By Tamara O’Brien, TMIL’s roving reporter
Can there ever have been a gloomier start to the normally joyous season of mellow fruitfulness? Well yes – after all, it’s not the 1940s. But in every other respect, it’s hard to find the positive in this autumn’s basket of deplorables. For many Brits, the death of the Queen has added a disorientating emotional twist. The mood was captured by a woman queuing to see the Queen’s lying-in-state, who said: “Somehow, I feel a little bit less British”. But, onwards and sideways, as they say. And on the panel for this quarter’s webinar, we had three people doing a lot of heavy lifting in the effort to improve reporting on – and thus companies’ performance on – environmental, societal and governance (ESG) issues.
First, the bad news…
Having referred to the umpteen horsemen of the apocalypse currently on World Tour, Claire opened the discussion by acknowledging their undeniable challenges to considering ESG issues as part of determining companies’ value. Challenges that the usual pundits have not been slow to notice.

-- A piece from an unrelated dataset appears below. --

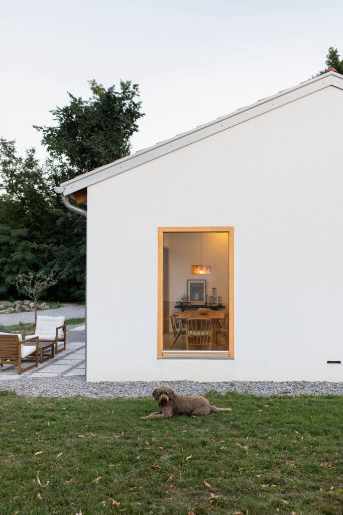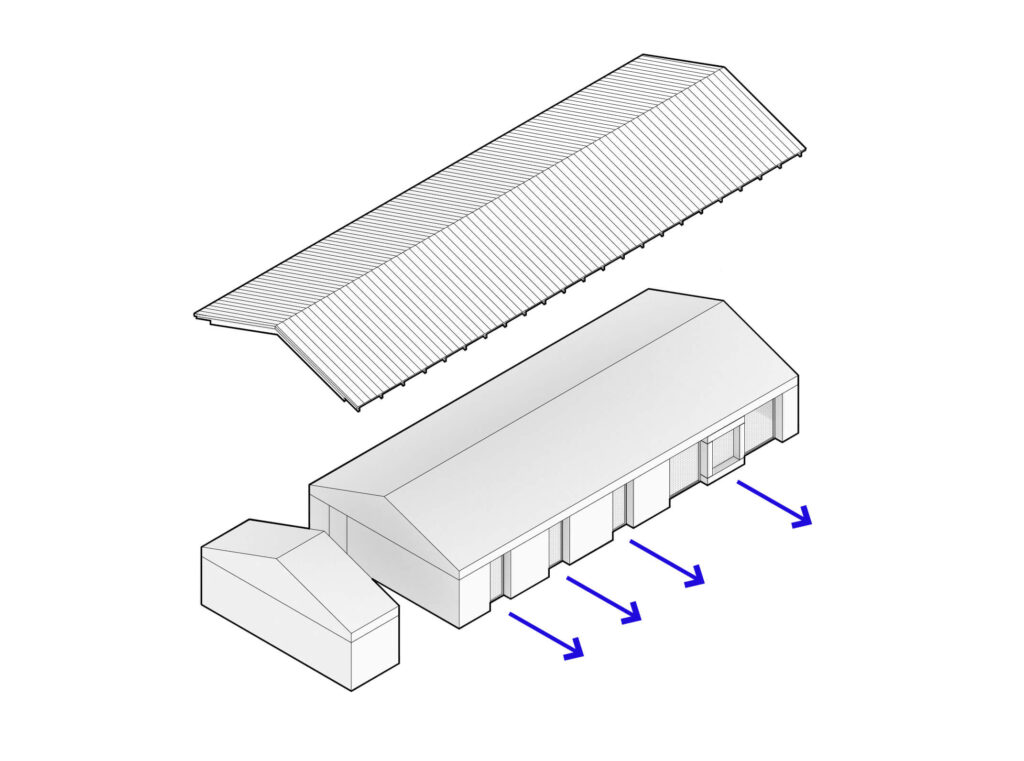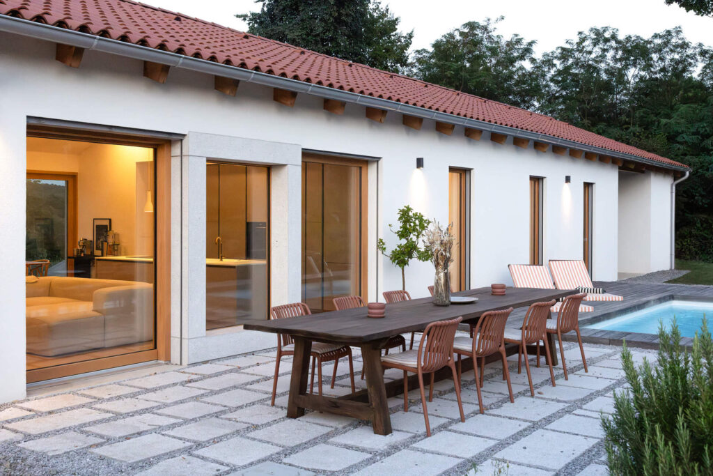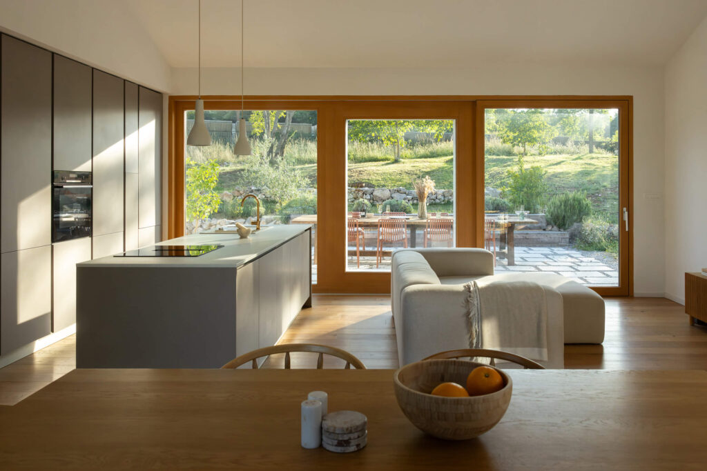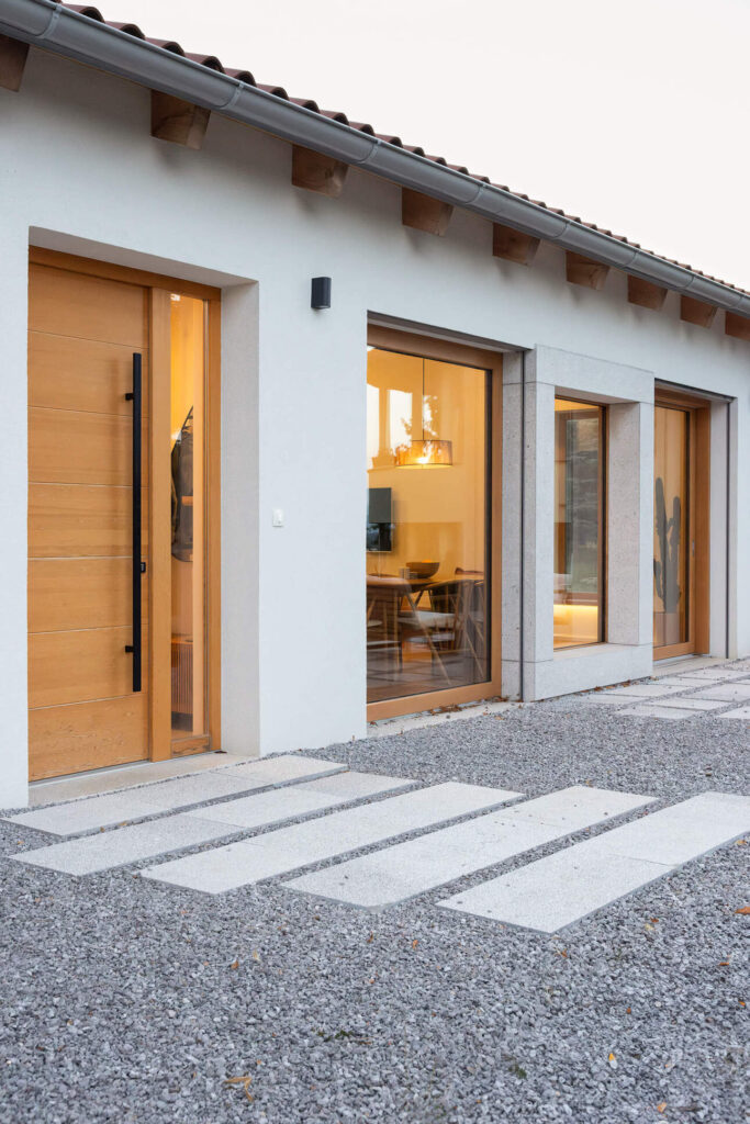 Osnovni podolgovati volumen je razčlenjen na dva dela, združena pod enotno streho iz tradicionalnih opečnatih korcev. En del služi kot shramba, v drugem so bivalni prostori. Med njima sta nadstrešek za avtomobil in servisni vhod. Poseben poudarek predstavlja sodobna reinterpretacija kamnite jerte, ki razčleni veliko panoramsko zasteklitev na obeh straneh hiše. Jerta je postavljena v os središča in deluje kot spomin na tradicionalni element ter služi kot udobna klop za druženje. Dnevni bivalni prostor je na skrajnem koncu objekta odprt na tri strani in s prostim ostrešjem, kar ustvarja občutek zračnosti in prostornosti.

‘Three letters that won’t save the planet’, blared The Economist a few months back. ‘ESG is a sham’, blasted The New York Times more recently. ‘ESG is a scam’, snarked the ever-helpful Elon Musk.
And Claire could see their point. Without a generally accepted set of principles around what ESG means, let alone ways of measuring its impacts, it’s unsurprising that some ESG investing is indeed pure greenwash.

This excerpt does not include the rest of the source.